Without a load on the secondary, the transformer is just an inductor and if you have components (such as L1 and R1) in series with the primary, the voltage developed on the primary will not be the full AC amount from your generator. It's a simple case of calculating the impedances and volt-drops. This is with the secondary unconnected remember.

The primary has inductance like any other coil but, for a transformer to more effective, it is desirable for the primary's self inductance to be high in power applications. If you looked at how much current flowed into the primary (secondary open circuit) you would find that the current was small compared to when driving a load on the secondary and it may have an inductance of several henries.

With 10 henries inductance, at 50Hz the impedance is 3142 ohms and from 230VAC would take a current of 73mA - that current through R1 (10 ohm) hardly drops any voltage.

It's a different matter when there is a load on the secondary. If the turns ratio is 1:1 and you have 100 ohms on the secondary, it is reasonable to argue that the impedance presented to the primary circuit is also 100 ohms. This assumes power out is close to power in. In fact the impedance relationship between primary and secondary is related to turns ratio squared. For instance if it is a 10:1 step-down transformer with a load of 100 ohms, the equivalent impedance at the primary is 10k ohms i.e. 10 x 10 x 100.

In summary, for a power transformer, you'd like the primary inductance to be infinite but that is impractical so you live with something that doesn't take too much current when the secondary is open circuit. The off-load current that flows is real current taken from the AC power and if everyone had low-impedance transformers the electricity companies would be supplying a load of current that doesn't get them revenue. This is a slight exaggeration but not far off the truth. On industrial sites power factor correction is used to minimize this effect but that's a whole new story!

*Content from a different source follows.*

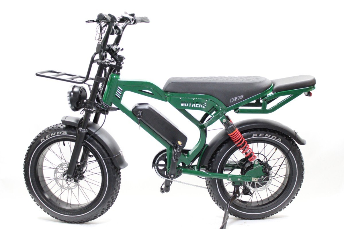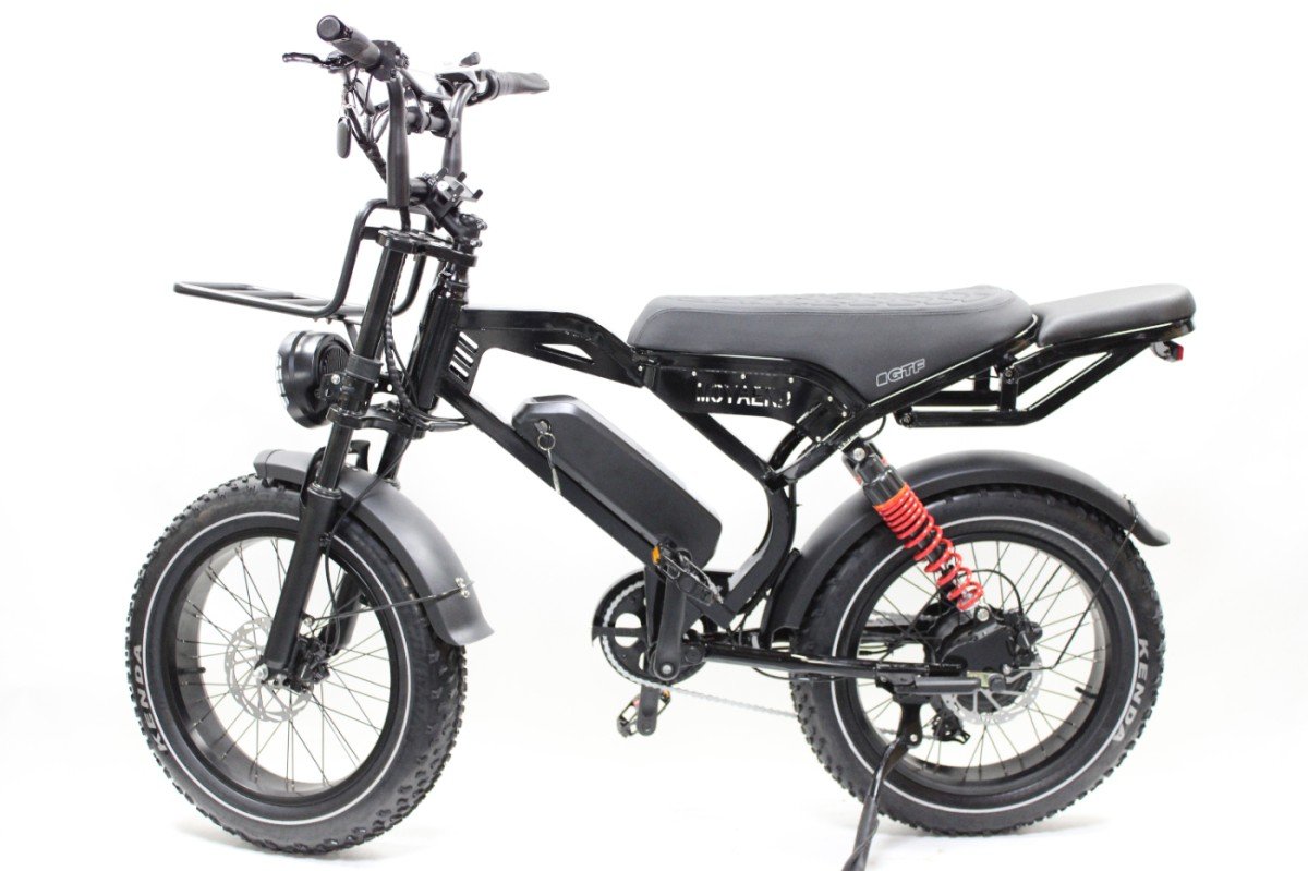 De Moyeard GTF is geen gewone e-bike. Met zijn robuuste fat tires, krachtige achterwielmotor en moped-achtig design is dit een fiets die overal de aandacht trekt — en tegelijkertijd verrassend comfortabel en praktisch rijdt. Of je nu door de stad cruist of een avontuurlijkere route pakt, de GTF handelt het allemaal moeiteloos.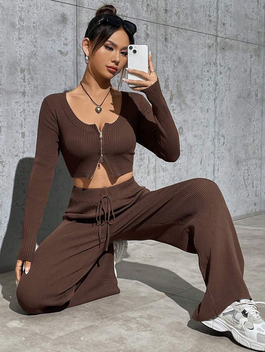 Women's Zipper Front Cardigan And Drawstring Waist Flare Leg Knit Pants 2 Piece Set

And if your transformer primary was 100 ohm impedance you'd be seeing something less than half your AC voltage applied. If R1 was zero then you'd see exactly half.

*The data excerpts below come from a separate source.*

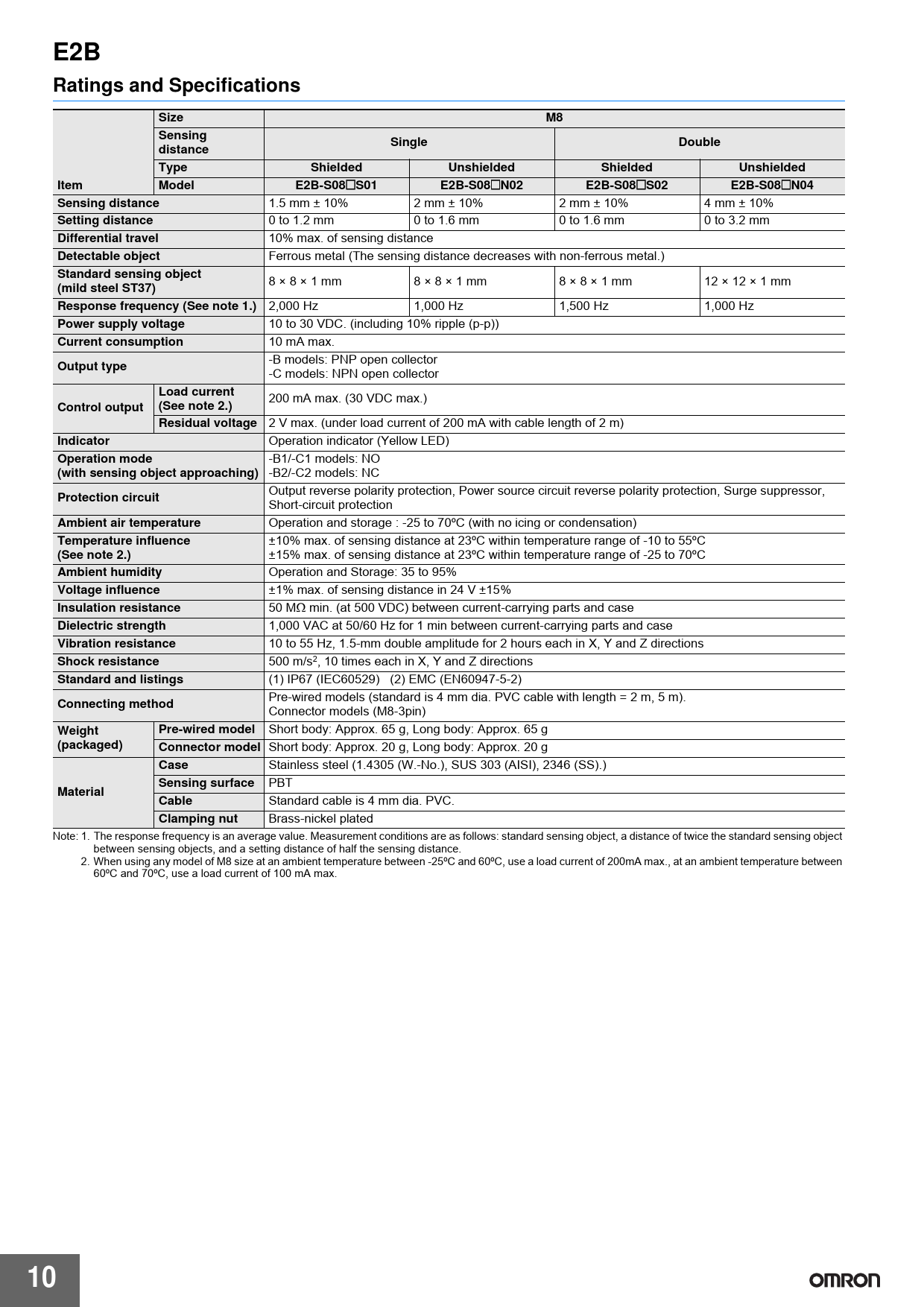 E2B Ratings and Specifications Size Sensing Single Double distance Type Shielded Unshielded Item Model E2B-S08 S01 N02 S02 N04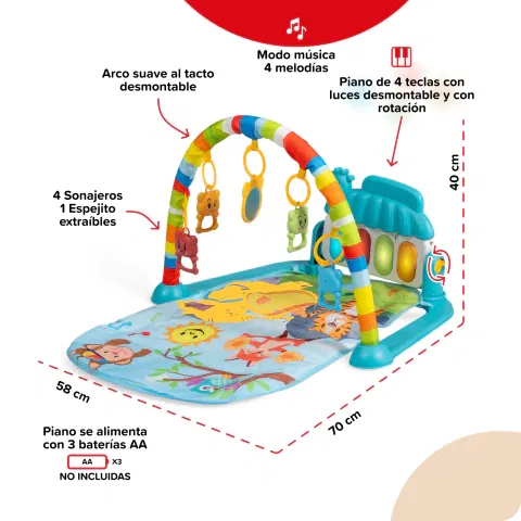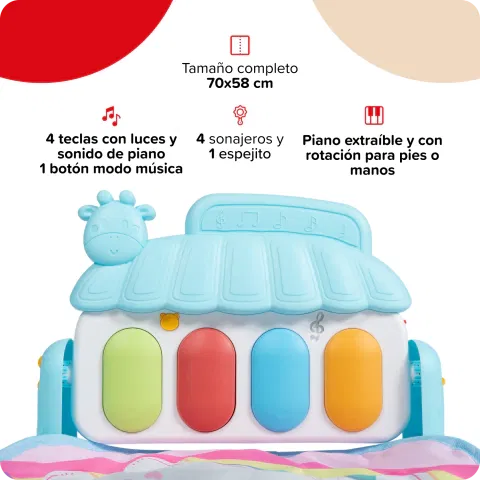 Con el Gimnasio Piano Bebesit, tu bebé se conecta con la naturaleza desde su espacio de juego. Un escenario lleno de animalitos, sonidos, colores y texturas que estimulan el desarrollo desde los primeros meses, con la diversión que aporta su piano interactivo.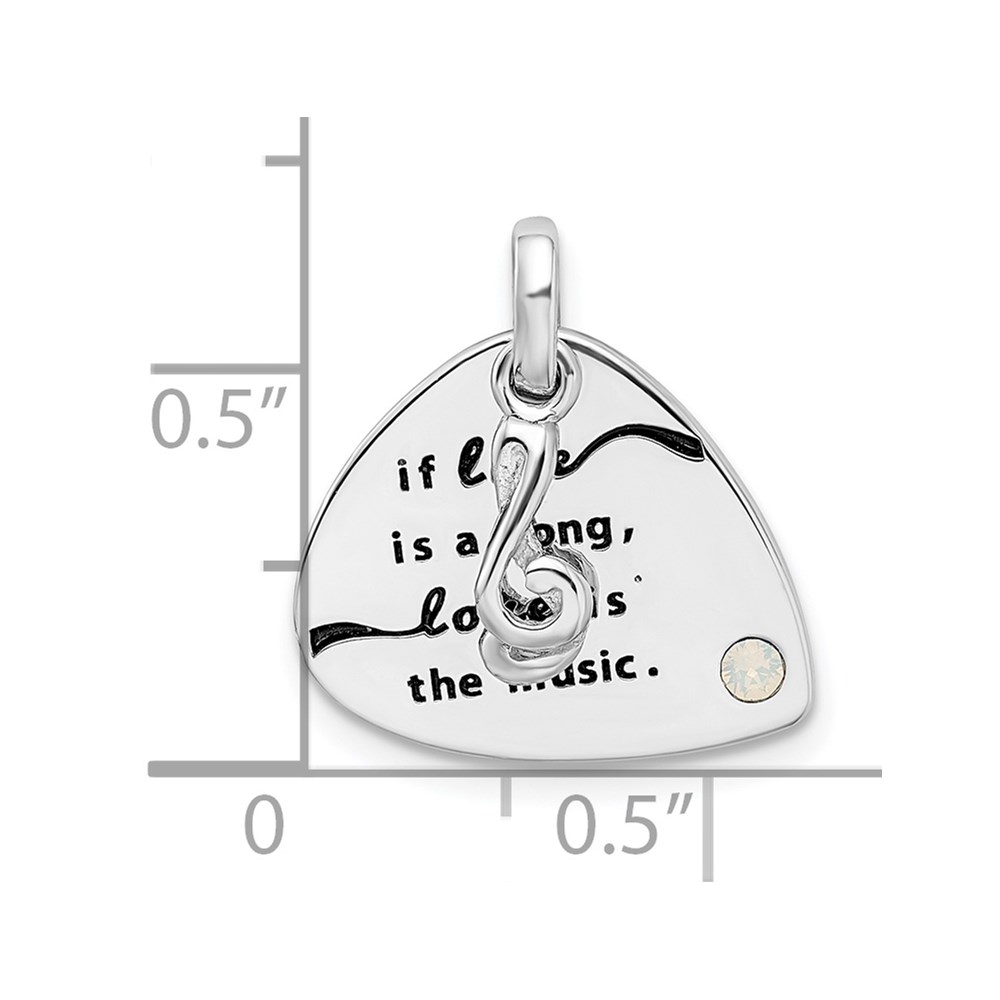 Sterling Silver RH-plated Crystal Antique Guitar Pendant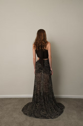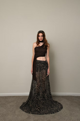 Cut from a flowy chiffon fabric, this asymmetrical one shoulder top wraps softly across the body, creating a sculptural silhouette. The extended tie by the neck can be tied in different ways, offering versatile styling — from a sleek scarf wrap-around to a freeform drape. Its deep chocolate tone adds understated sophistication, making it easy to pair with both tailored and relaxed bottoms.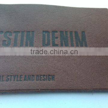Custom Real Leather Rectangle Brown Embossed Slim Patch for Jeans

As regards saturation I've shown the equivalent circuit of a transformer below. Note that saturation is caused by the current flowing through the magnetizing inductor which is nothing to do with load current: -

enter image description here

Here is a good document from Elliot sound products and please note what it says about maximum flux density therefore saturation: -

enter image description here

Why doesn't the core saturate more under load conditions? Imagine two coils sharing the same magnetic core. Ignore magnetization currents and losses. The primary is 100 turns and the secondary is 10 turns. If the secondary load current is 10A, the primary current must be 1A and the ampere-turns is therefore the same on both coils. Are these ampere-turns additive or subtractive? They are subtractive and this can easily be seen with dot notation....

If current is flowing into the dot on the primary, current is flowing out of the dot on the secondary and this produces opposing fluxes in the magnetic material. When you think about this you have to be consistent and use the right-hand rule to see that the two fluxes oppose and cancel.

enter image description here

Because the dots are at the top on both coils, they are wound in the same direction and the currents are flowing in (primary) and out (secondary) therefore due to the RH rule the fluxes (due to ampere-turns) are cancelled.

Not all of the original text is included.